November 2015 Culture Minister Ed Vaizey tells Maria Miller MP that ‘Ofcom are currently updating their research about attitudes to offensive language’ and ‘testing audience attitudes to discriminatory language about trans people including a sub-group of participants from the trans community’.

March 2016 All About Trans has a third interaction with BBC Wales in Cardiff. Records of the first two were wiped.

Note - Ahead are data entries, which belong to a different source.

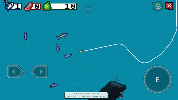 1、打开刚刚从本站下载的Scale the Depths手机版,走到船只最左侧,点击交互键钓鱼,控制鱼线方向。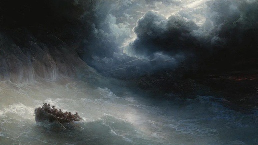 "🌊 Иван Константинович Айвазовский (1886) Россия Романтизм На картине изображено штормовое море вблизи скал, очертания которых теряются во мраке. Бушующее море сливается с грозовым небом. Из-за тёмных туч сверкают молнии. Атмосфера бури, гнева моря, передана так мощно, что зритель будто слышит грохот волн и раскаты грома. На переднем плане слева изображена лодка с людьми, спасающимися после кораблекрушения...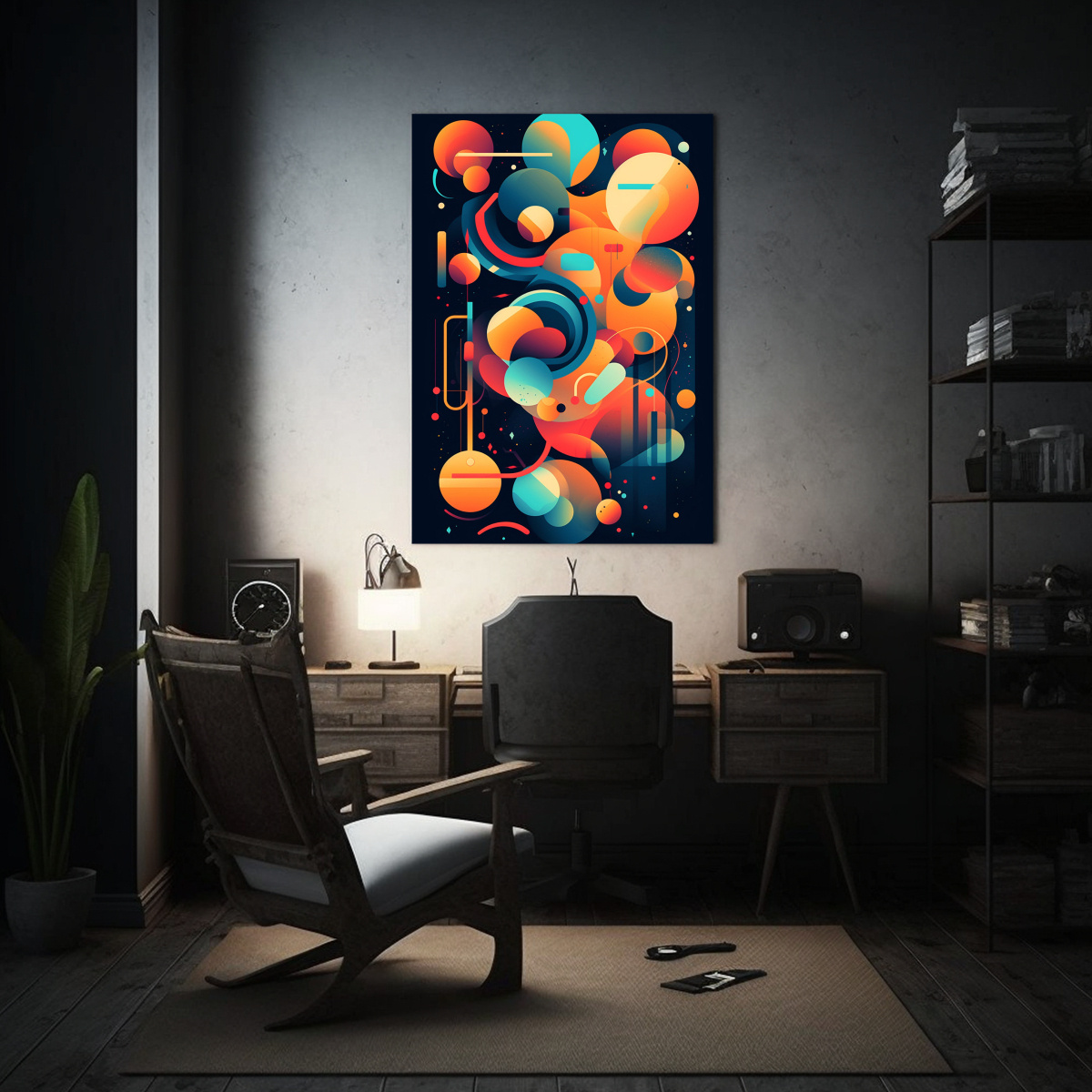 Este cuadro abstracto vibrante y armónico encajará perfectamente en cualquier espacio moderno, ya sea en la sala de estar, el dormitorio o incluso en la oficina Combínalo con muebles en tonos neutros para crear un contraste elegante y resaltar aún más su vibrante paleta de colores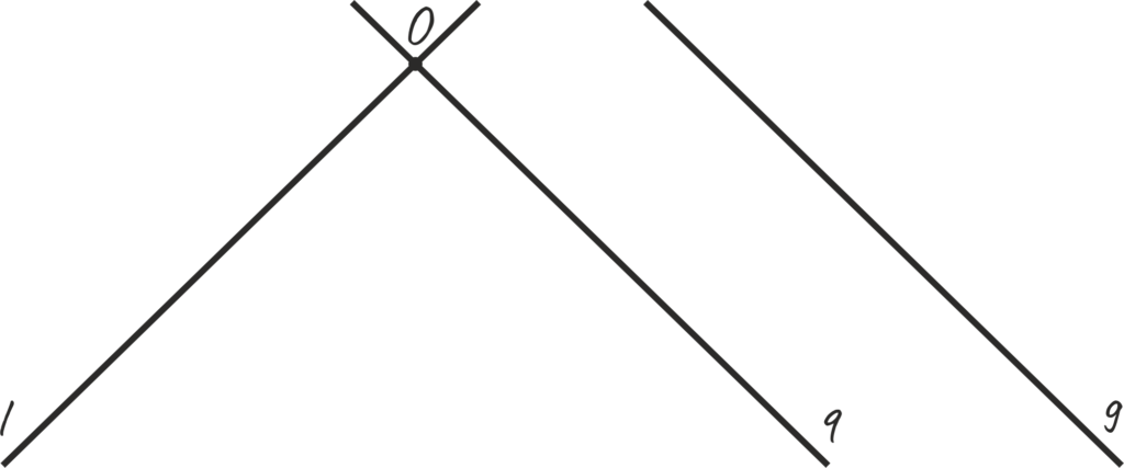 - Для начала начертим дополняющие лучи. Как мы уже разобрались, на прямой нужно поставить точку (называем ее О), она производная и разделяет ее на 2 линии, которые пересечься не могут.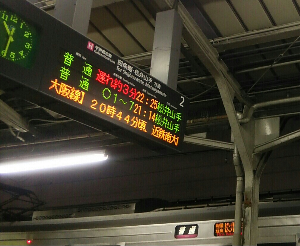 — イスムさん LINEスタンプ3つ発売中 (@Yakimeshi113) 2015, 8月 7〔14:31 みやこ路快速 京都〕棚倉待ち合わせの奈良行きが遅れてるせいで京都で新快速乗り遅れそう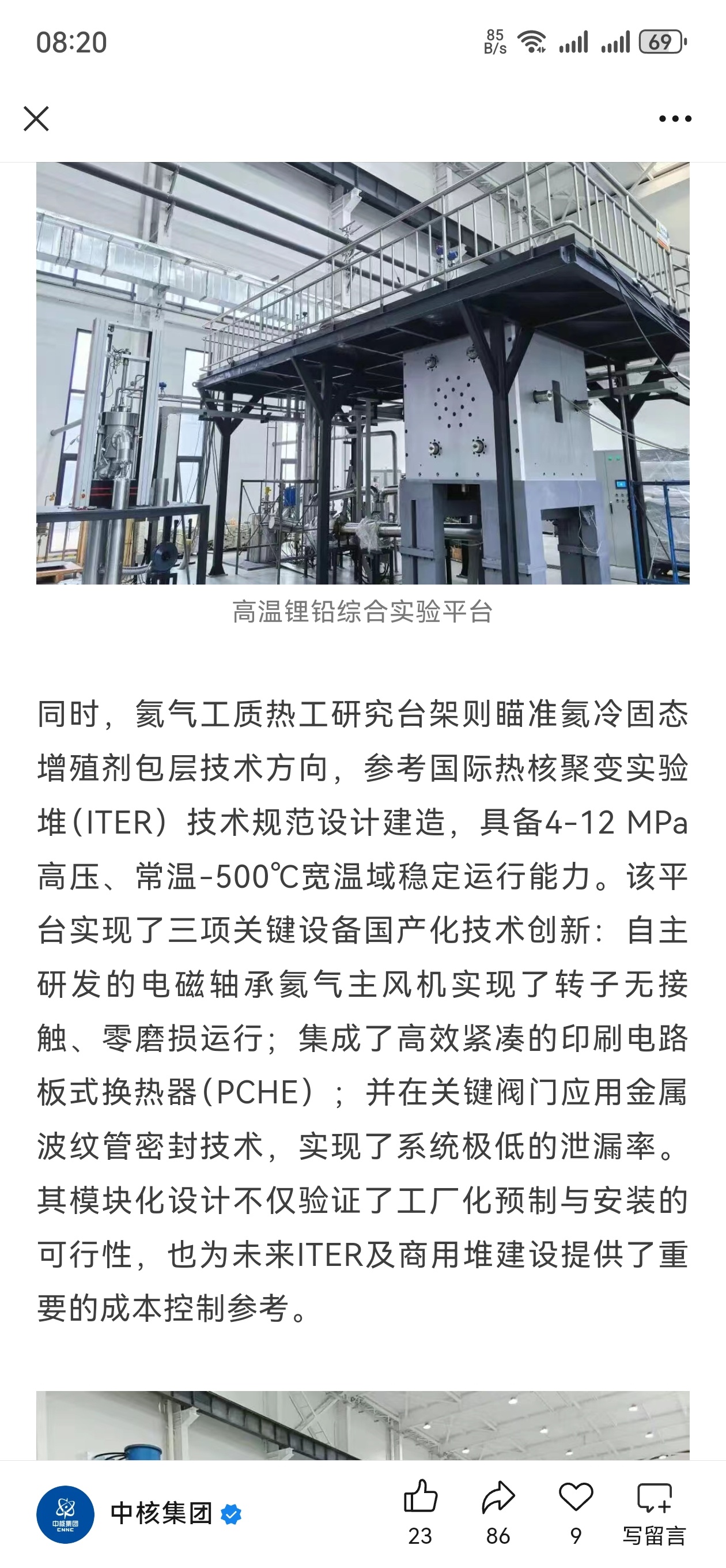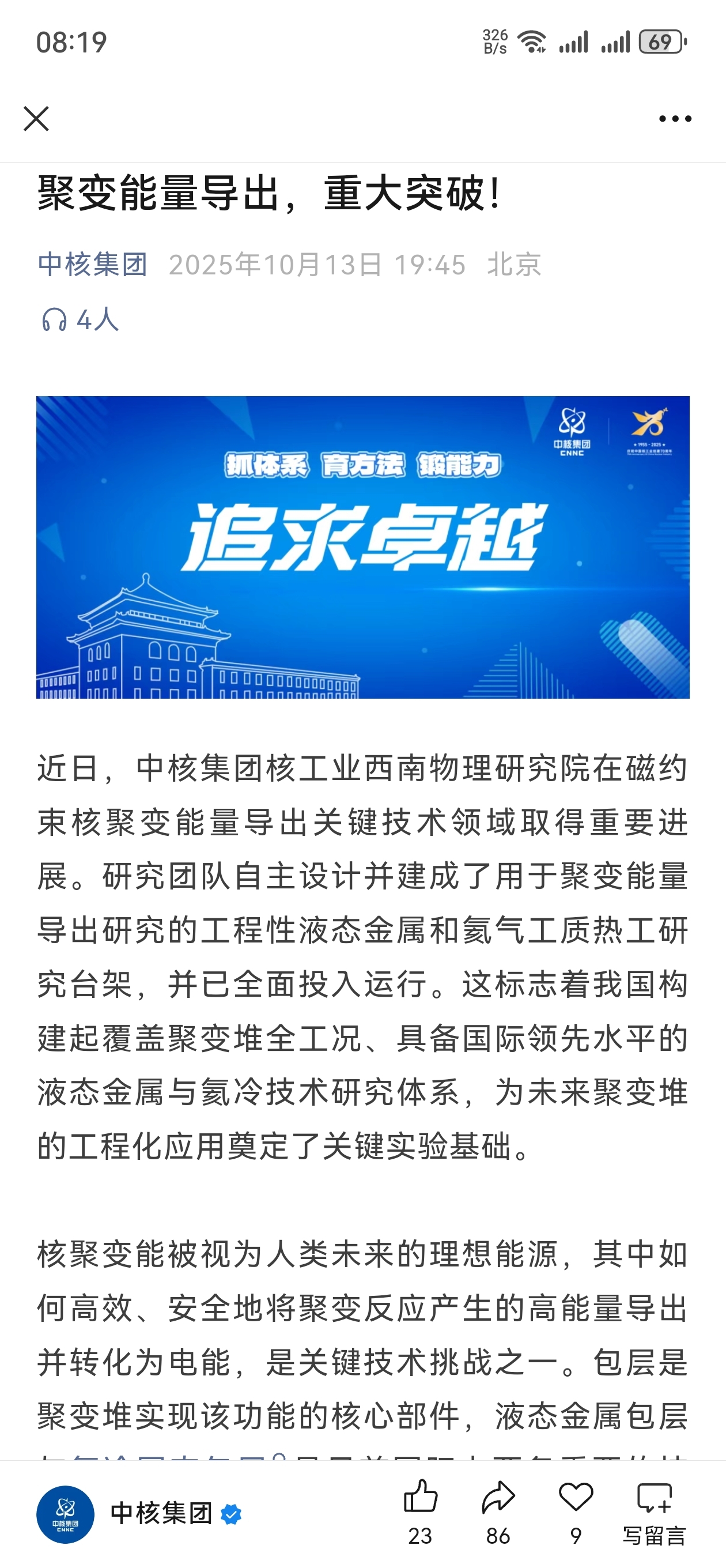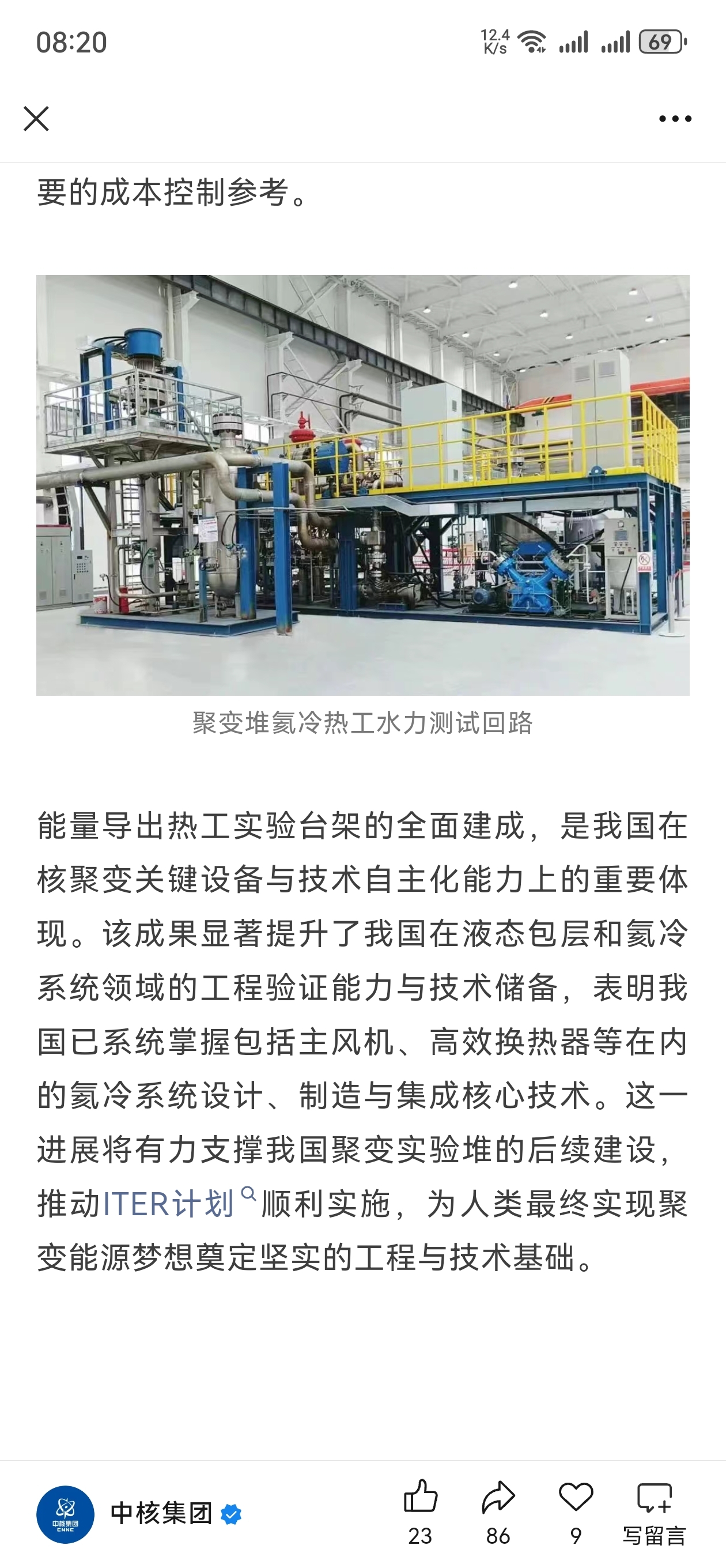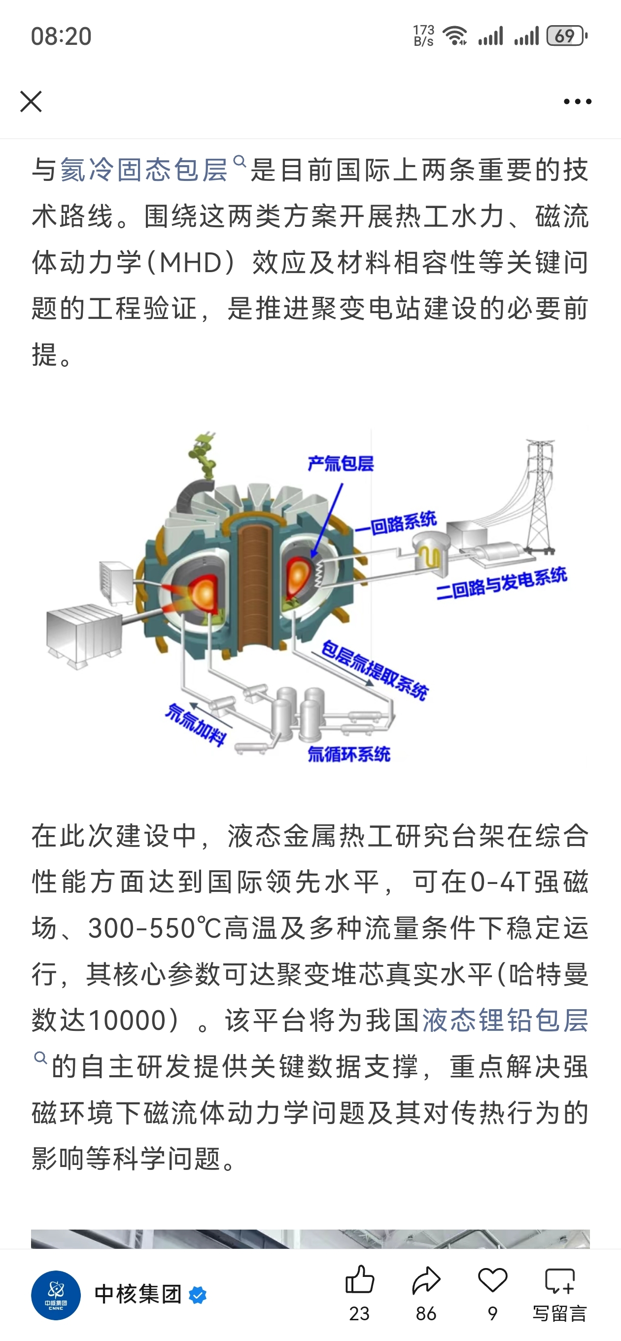 核聚变:13日据中核集团公众号,在磁约束核聚变能量导出关键技术领域取得重要进展,

The third interaction involved ‘chatting about trans experiences in schools’. This time transactivists also met Pete Shuttleworth, Sport Digital Editor.

March 2016 - All About Trans further interaction with BBC North West ‘talking schools and education’ (Follow up April 2016 - Second Victoria Derbyshire film on ‘trans’ children under 10 and associated articles and discussions. There have been no more follow ups but throughout its life the VD show driven by Louisa Compton focussed on affirming transgender identities.

Spring 2016 All About Trans interaction with Newsnight team including Evan Davies

 

2016 Diversity strategy for the first time includes an ‘LGBT’ target representation of 8%. ‘Unconscious bias’ training made mandatory. Inclusion objectives issued to managers.

2016 IPSO meets All About Trans and publishes new Transgender Guidance recommending All About Trans, Trans Media Watch, Mermaids and several other trans activist organisations for ‘further advice and support’.

Records of this guidance and meeting were subsequently deleted.

*******

End of Part One

By 2015, when Stonewall adopted the ‘T’, trans affirmation and self-identification were already embedded at the BBC. By 2016 and 2017 BBC programmes and pages were flooded with transgender ‘lived experiences’. As soon as a Women’s Network was established it was immediately declared to be ‘for all genders’. By 2018 its Diversity Lead was speaking at a conference on the ‘Next Steps for Transgender Equality’ and the BBC had a staff member ‘managing the relationship with Stonewall’, yet it struggled to report the GRA consultation at all. Capture was complete and there was some way to go before there was any glimmer of change.